For many drivers, the price they pay each month for their car insurance can be a pretty hefty expense. Many people are forced to pay hundreds of dollars in order to be able to operate their vehicles. Car insurance companies reach the prices for their calculated premiums by taking a plethora of different factors into consideration. There are some of them that you can do something about in order to lower you insurance costs, but others may out of your control or unfeasible to change. Knowing how your premium is calculated, however, will give you a better understanding of the different ways to cut costs.
It might not be fair, but there is no question about it – women pay less than men for car insurance. Sometimes, it can be significantly less. This is often attributed to the fact that women statistically are involved in fewer accidents and are all around safer drivers than men.
This is great news for women out there, but what about for men? Regretfully, apart from pursuing safe-driver and similar discounts from your insurance company, there is not too much that you can do about this one.
2. Marital Status
The premium you pay on your car insurance is directly affected by your marital status. Single drivers are in a higher risk group than those that are married, resulting in higher costs. According to public data, you are less likely to get into an accident after you get tie the knot. Some analysts attribute this to the fact that single drivers often drive more and also that married drivers take fewer risks.
3. Credit Score
If you want to lower your insurance premium then focus on increasing your credit score. For the most part, consumers who have a bad credit score pay 20-50% more for auto insurance than those with a perfect financial history. This is because of the correlation between poor credit scores and a larger number of claims being filed. For drivers with high premiums, working to bring up your score can save hundreds or thousands of dollars a year.

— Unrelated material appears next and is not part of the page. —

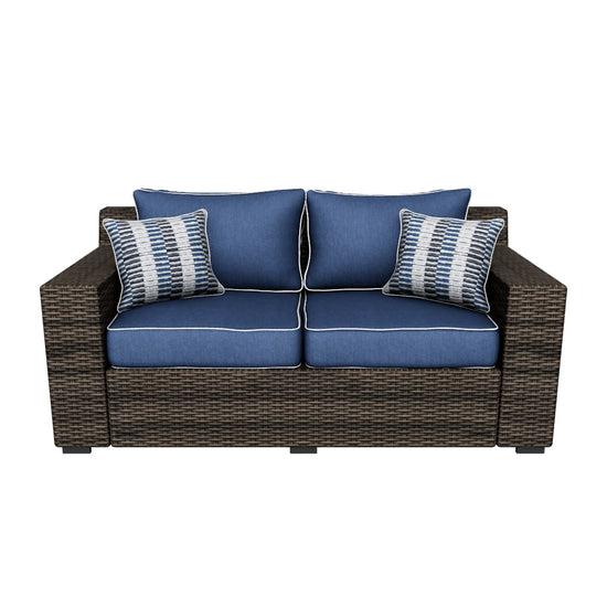 أريكة خارجية مع وسادة؛ خوص راتنجي مقاوم لجميع الأحوال الجوية منسوج يدويًا على إطار من الألومنيوم المتين؛ الألومنيوم المطلي بالمسحوق يقاوم الصدأ والبهتان؛ وسادة بسحاب مغطاة بقماش Nuvella® عالي الأداء؛ قلب وسادة من الإسفنج المقاوم لجميع الأحوال الجوية ملفوف بالبوليستر الناعم؛ قماش وحشو مستوردان؛ نظف القماش بصابون خفيف وماء، واتركه يجف في الهواء؛ بالنسبة للبقع العنيدة، استخدم محلولًا من كوب واحد من المبيض إلى جالون واحد من الماء؛ التجميع مطلوب

4. Model & Age Of Your Vehicle
What kind of car you drive has a big impact on what you pay. If you have a large, safe vehicle, your coverage will likely be less than if you’re driving a less small, more damage-prone car. The age of your vehicle also can affect your costs. Often times, older vehicles are not equipped with as many modern safety features as newly released ones are.
5. What Kind Of Driving You Do
Believe it or not, the type of driving that you do regularly affects your insurance premiums as well. If you drive infrequently and only go short distances, you’ll pay less than someone who drives hundreds of miles each day for work. If your job demands you be on the road a lot, consider talking with them about expensing a portion of your insurance costs. Better yet, explain to them the benefits of providing you with a work vehicle.
6. Where You Live
Big cities have a lot of traffic. If you live or are moving to a large metropolitan area, expect to pay a higher premium. If you’re looking for a cheaper option, consider moving locales. Residents in more rural areas pay less each month thanks to fewer dangers out on the road.
7. Insurance Coverage History
Have you maintained constant insurance coverage recently? Don’t let your insurance lapse, or gaps in your coverage can end up costing you. This is viewed as risky behavior by the insurance companies and will lead to them not only charging you a reinstating fee if you’re currently lapsed, but also charging youhigher for your coverage to negate the risk.
While these seven factors all go into consideration by the insurance companies when they’re calculating your monthly premium, they are not the only ones on the list. No one knows for sure how these companies calculate their monthly charges, but by understanding as much about your insurance costs as possible, you can make changes that are needed to save you money on your premium.